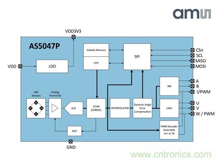 【導讀】近日,ams發布47系列最新磁性旋轉位置傳感器AS5047P。該傳感器可實現高轉速下、全溫度范圍內的最高精確度,可用于電機與運動控制。AS5047P具備遞增式ABI輸出,性能更優于電機及運動控制系統中的光學編碼器及旋轉變壓器,在實現高精度性能的同時能降低系統成本。
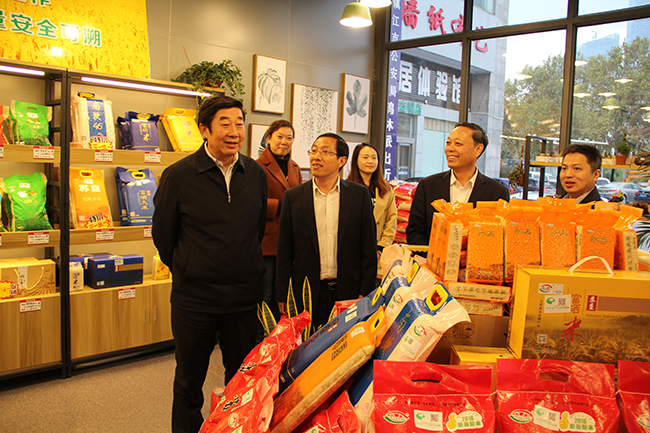 11月8日,集團(tuán)公司總經(jīng)理胡兆輝到蘇墾金橋公司調(diào)研指導(dǎo)工作。副總經(jīng)理仲小兵、蘇墾農(nóng)發(fā)總裁蘇志富以及集團(tuán)公司資產(chǎn)經(jīng)營(yíng)部、蘇墾米業(yè)、蘇墾園藝負(fù)責(zé)人陪同調(diào)研?! 『纵x一行先后考察了蘇墾生態(tài)農(nóng)產(chǎn)品直銷(xiāo)中
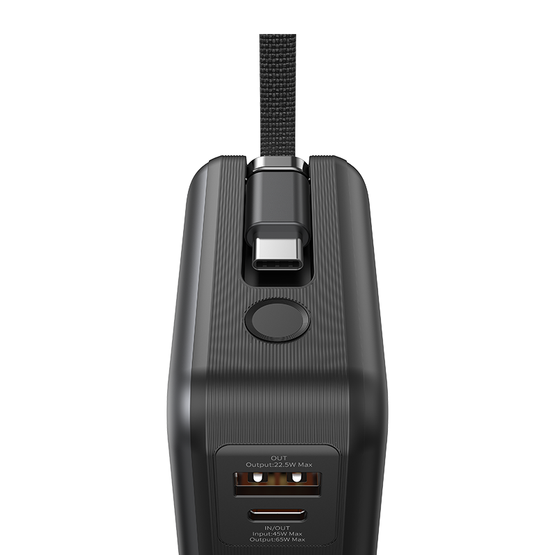 65W 3-port Fast Charging Digital Display Power Bank With Type-C Cable - XH Series
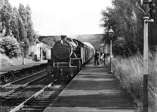 ![]() On a glorious summer afternoon in July 1963 Stanier 2-6-4 tank No. 42494 rolls into Penwortham (Cop Lane) station with the 5:30 pm Preston - Southport service, collecting some late day-trippers apparently brought out by the fine weather.
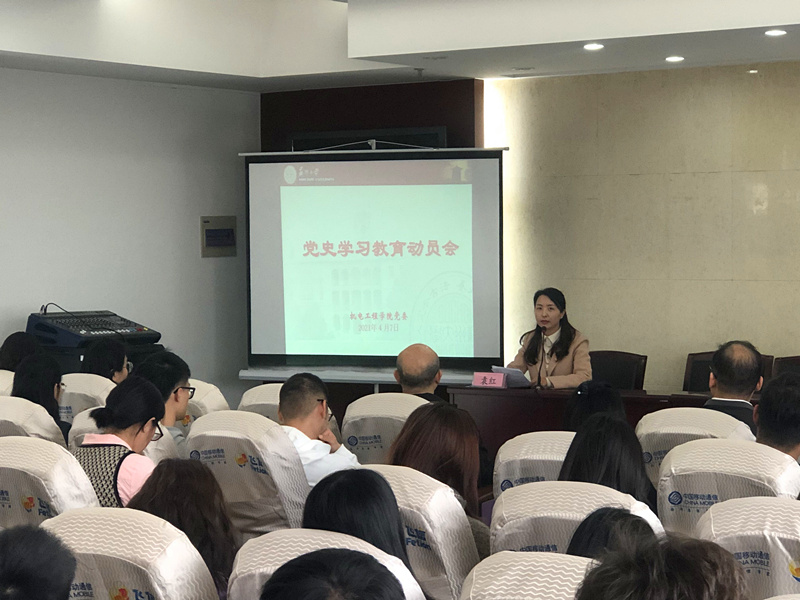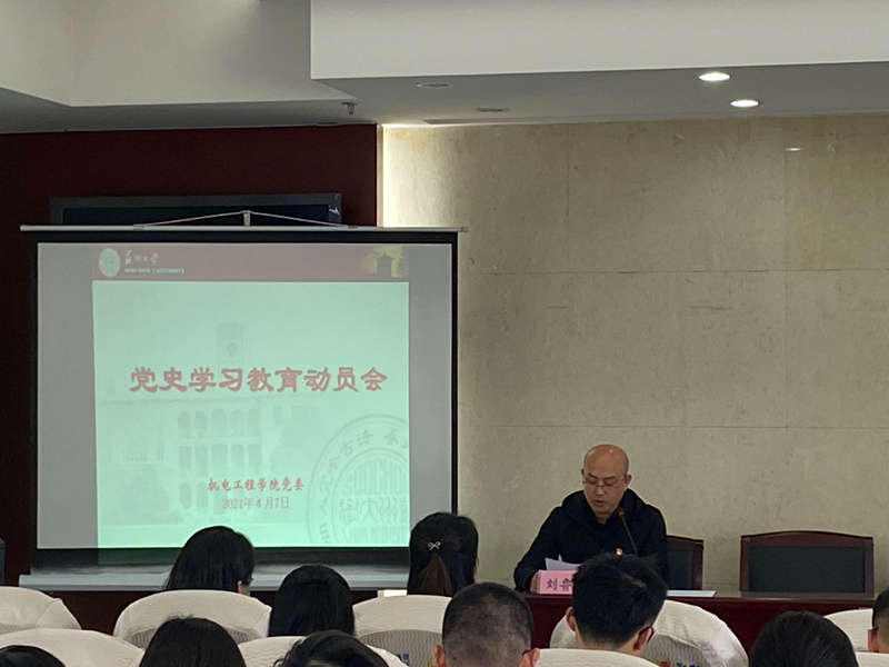 2021年4月7日,机电工程学院党委党史学习教育动员会在阳澄湖校区行政楼300会议室举行,学院党委书记刘鲁庆,党委副书记袁红,专职纪检委员姚建萍、党委委员、副院长孙海鹰、陈涛,各党支部书记、委员和党员代表出席会议。会议由专职组织员沈爱军主持。
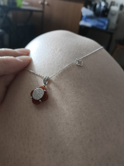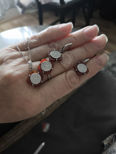 Натуральный сердолик, мне по душе. С блестящей серединкой, в серебре. Милая штучка. В комплекте смотрится интересно. Преобрела всё.
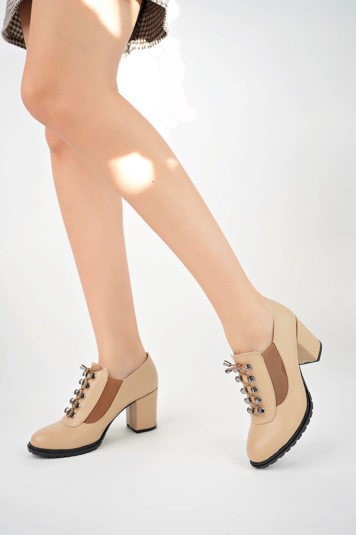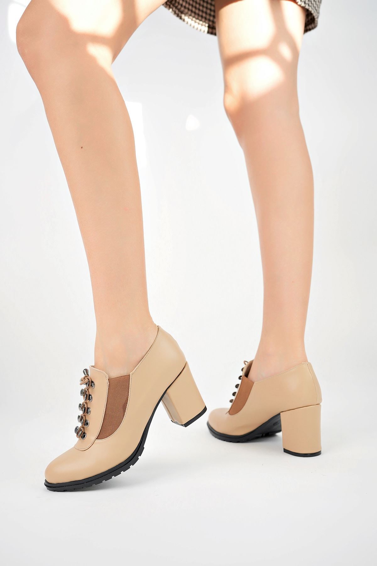 Lastikli Kancalı Nut Cilt Kadın Ayakkabı
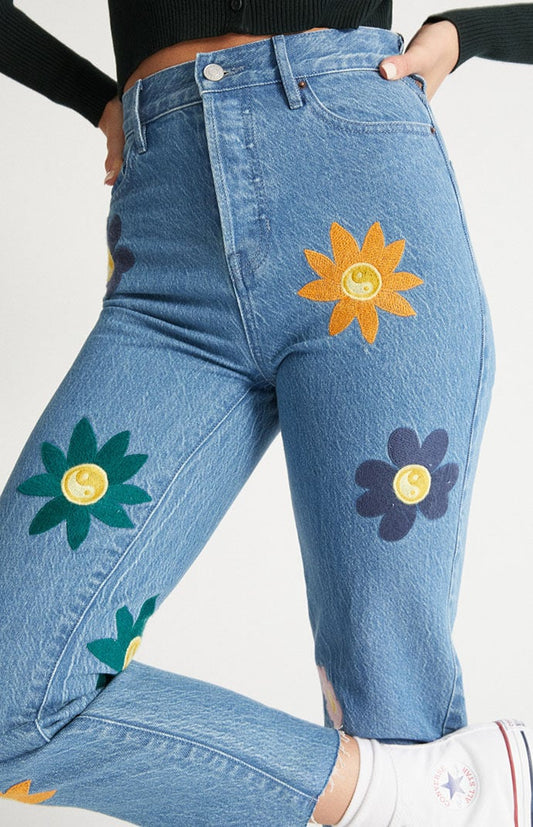 Pacsun Floral Smiley Face High Rise Embroidered Jeans - 25
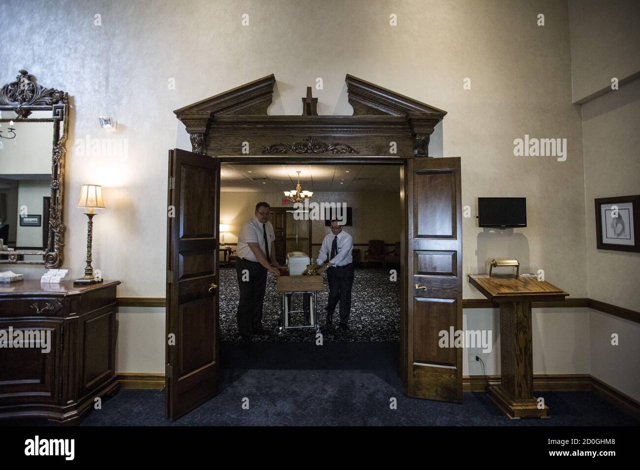 Glueckert Funeral Home Funeral Directors John Glueckert L And David Blessman Move The Casket Containing The Remains Of An Abandoned Newborn Baby From The Chapel In Arlington Heights Illinois United States June
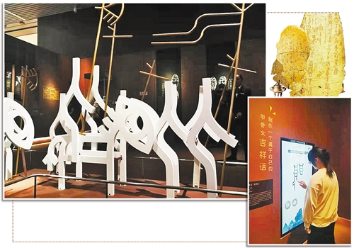 左圖 人騎馬甲骨文展示。 右圖 展覽現(xiàn)場(chǎng),觀眾可以自己制作甲骨文祝??ㄆ?。 佘 穎攝
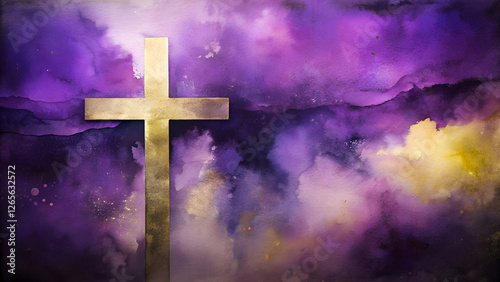 Watercolor cross background in blended shades of purple and gold, symbolic and reverent atmosphere, evoking the significance of Maundy Thursday with copy space
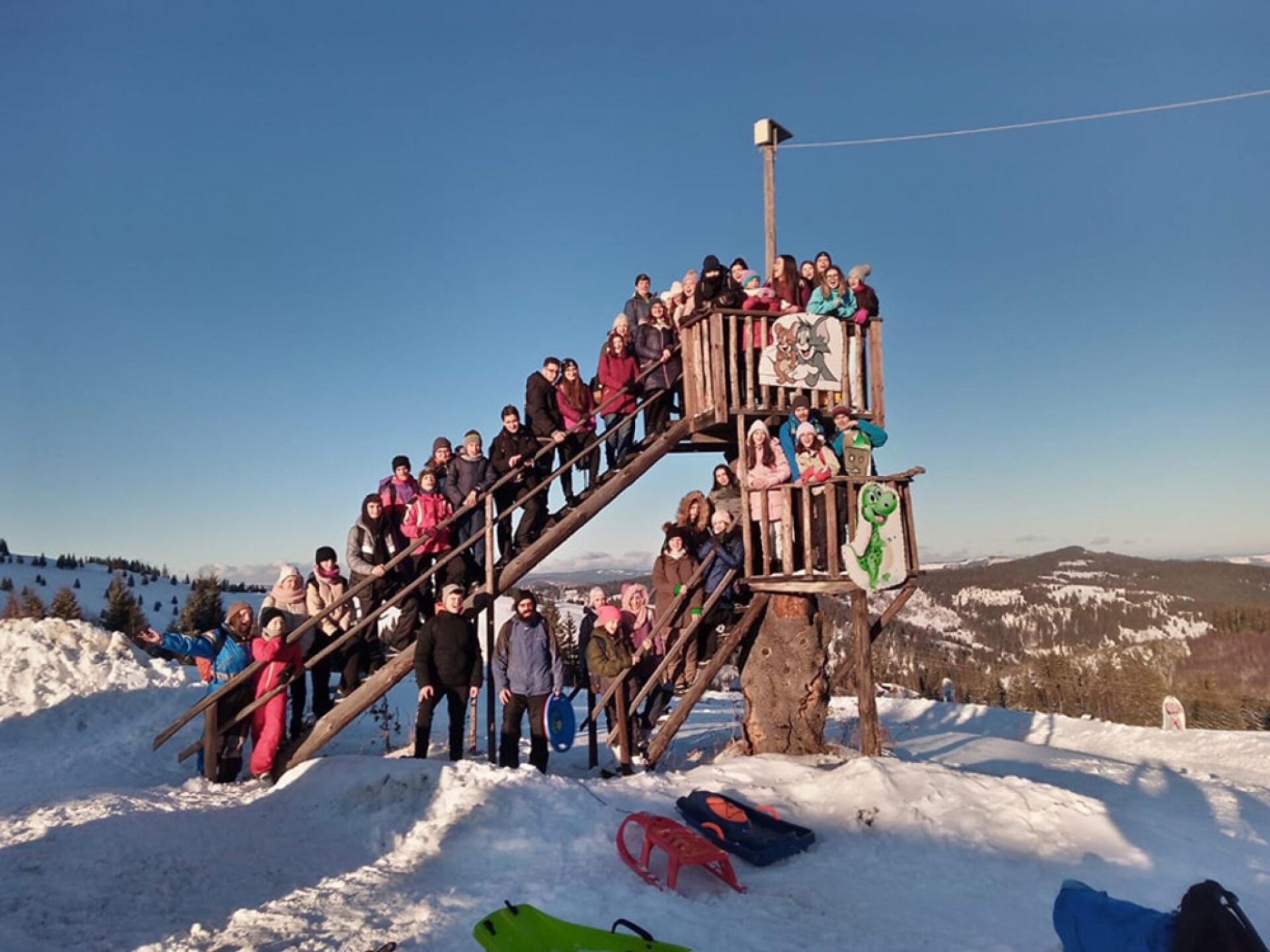 Sport și distracție la munte pe pârtie pentru tinerii ATOS: sanie, tubbing și ski
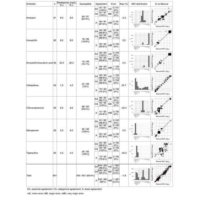 结果显示,在菌落图像的验证数据集上,第一线模型对细菌生长的分类准确率为94.3%。第二线模型将菌落分类为“抑制”或“良好生长”的准确率为88.6%。在验证MIC数据集上,结合两个模型的预测结果与手动标注结果相比,基本一致的比率为98.9%(644/651),偏差为-7.8%。分类一致率为99.2%(646/651),其中小错误率为0.2%(1/651),大错误率为0.5%(3/651),重大错误率为0.2%(1/651)。所有抗菌药的结果均一致,但氯霉素例外,其偏差为-55.4%(即AIgarMIC低估了MIC,这可能是由于该药物在MIC附近容易出现微弱的生长趋势)。
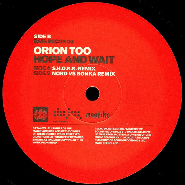 ℗ 2002 Data Records / Ministry Of Sound Recordings Ltd under exclusive license from Mostiko, a division of CNR Music Belgium NV. © 2002 Data Records / Ministry Of Sound Recordings Ltd. Made in England.

^^^^^^^^

- _Task to carry out_
Here the job is to quote the lines from the one with "Pacsun Floral Smiley" through the end of the material, both included, exactly; please skip the pictures.

- _Answer space_
 Pacsun Floral Smiley Face High Rise Embroidered Jeans - 25
 Glueckert Funeral Home Funeral Directors John Glueckert L And David Blessman Move The Casket Containing The Remains Of An Abandoned Newborn Baby From The Chapel In Arlington Heights Illinois United States June
 左圖 人騎馬甲骨文展示。 右圖 展覽現(xiàn)場(chǎng),觀眾可以自己制作甲骨文祝??ㄆ?。 佘 穎攝
 Watercolor cross background in blended shades of purple and gold, symbolic and reverent atmosphere, evoking the significance of Maundy Thursday with copy space
 Sport și distracție la munte pe pârtie pentru tinerii ATOS: sanie, tubbing și ski
 结果显示,在菌落图像的验证数据集上,第一线模型对细菌生长的分类准确率为94.3%。第二线模型将菌落分类为“抑制”或“良好生长”的准确率为88.6%。在验证MIC数据集上,结合两个模型的预测结果与手动标注结果相比,基本一致的比率为98.9%(644/651),偏差为-7.8%。分类一致率为99.2%(646/651),其中小错误率为0.2%(1/651),大错误率为0.5%(3/651),重大错误率为0.2%(1/651)。所有抗菌药的结果均一致,但氯霉素例外,其偏差为-55.4%(即AIgarMIC低估了MIC,这可能是由于该药物在MIC附近容易出现微弱的生长趋势)。
 ℗ 2002 Data Records / Ministry Of Sound Recordings Ltd under exclusive license from Mostiko, a division of CNR Music Belgium NV. © 2002 Data Records / Ministry Of Sound Recordings Ltd. Made in England.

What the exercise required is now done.